- IATA: QUW; ICAO: BGAS;

Summary
- Airport type: Public
- Operator: Greenland Airport Authority (Mittarfeqarfiit)
- Serves: Ammassivik, Greenland
- Elevation AMSL: 71 ft / 22 m
- Coordinates: 60°35′45″N 045°22′44″W﻿ / ﻿60.59583°N 45.37889°W
- Website: Ammassivik Heliport

Map
- BGAS Location in Greenland

Helipads
| Number | Length |  | Surface |
| m | ft |
| 1 | 15 | 49 | Grass |
- Source: Danish AIS

= Ammassivik Heliport =

Heliport in Greenland

Ammassivik Heliport is a heliport in Ammassivik, a village in the Kujalleq municipality in southern Greenland. The heliport is considered a helistop, and is served by Air Greenland as part of government contract.

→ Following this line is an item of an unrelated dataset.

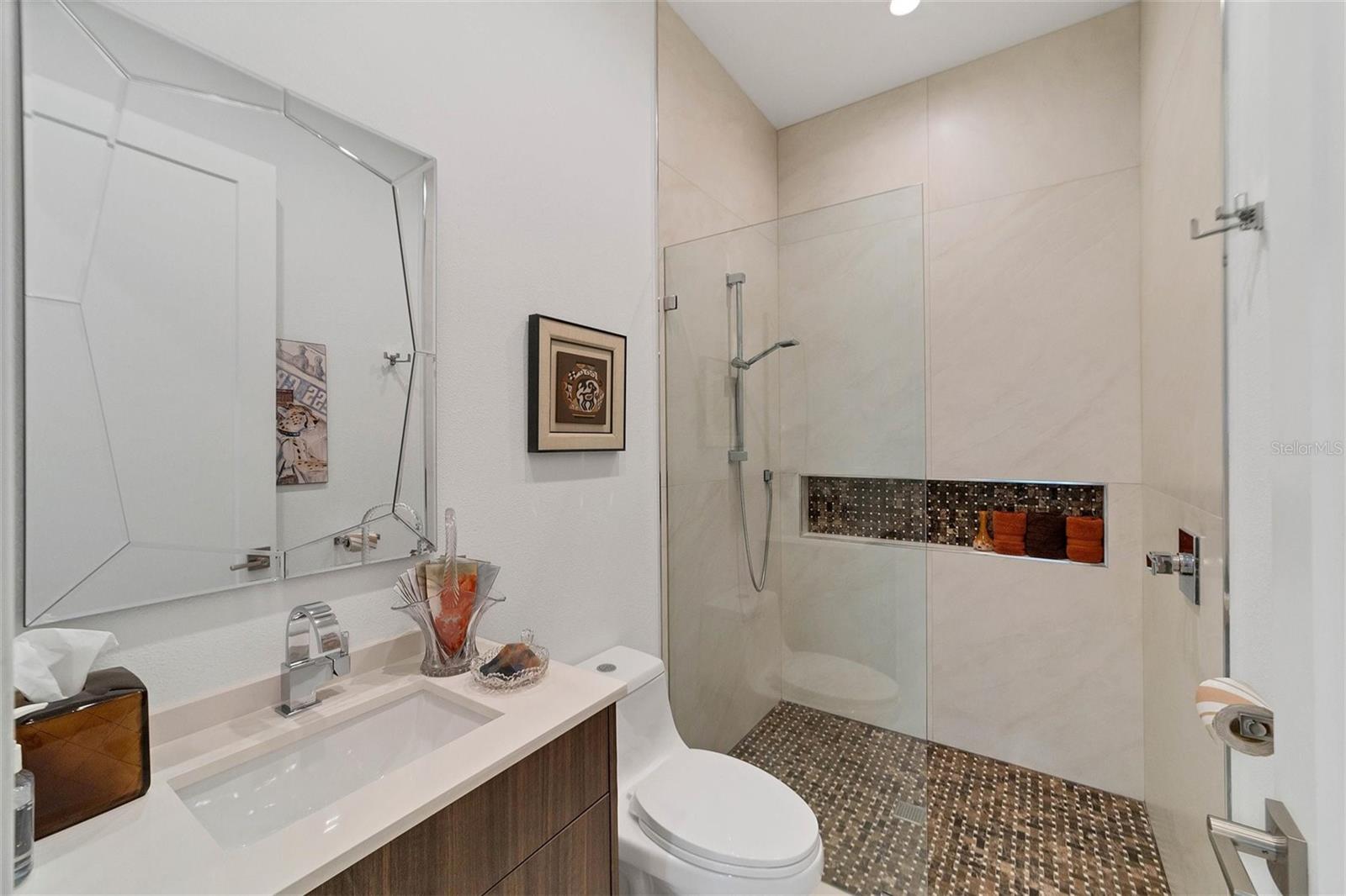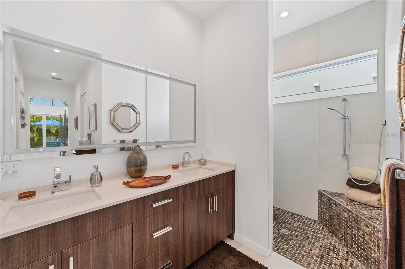 Price improvement reflects price to add a swimming pool. This Courtyard Modern home was designed and built by the current owner. The list of construction as well as designer upgrades is quite extensive. This is not a spec house. It’s a great alternative to condo. A low maintenance, hurricane-rated residence. Easy to care for, newer construction and a convenient location. The garden consists of tropical plants, hardscaping with crushed stone as well as concrete slabs for dining and sunbathing. It also features an oversized saltwater spa complete with waterfall and iridescent mosaic tiles. The outdoor kitchen is situated off the covered terrace and has an artist designed backdrop. The front courtyard with privacy wall and obscure glass gate add to the beauty of this home. You enter through ths courtyard to the ever popular great room design complete with 3 full bedrooms, an office and 2 baths. Contemporary features throughout the residence include high ceilings with led lights, modern cabinetry, quartz counters, mosaic glass tiles, porcelain floors and more. The soaring ceilings are balanced with several transom windows for architectural detailing as well as natural light. The clean, crisp design is accented by white cabinets, floors and walls. The owner has added smart home features, a whole house generator and all windows/doors are hurricane rated. This meticously maintained home is ready for a new owner. This modern space is walking distance to Southside Village…complete with Morton’s gourmet market, coffee shops, dining and boutiques. It’s just minutes to downtown Sarasota, with its lively array of restaurants, performing arts venues, galleries, boutiques, citywide cultural events and a bustling farmer’s market. A short drive away are St. Armand’s Circle, as well as the internationally known beaches of Lido Key and Siesta Key. Do not miss out on this premier residence in an unbeatable location!

== Airlines and destinations ==

Air Greenland operates government contract flights to villages in the Nanortalik region. These mostly cargo flights are not featured in the timetable, although they can be pre-booked. Departure times for these flights as specified during booking are by definition approximate, with the settlement service optimized on the fly depending on local demand for a given day.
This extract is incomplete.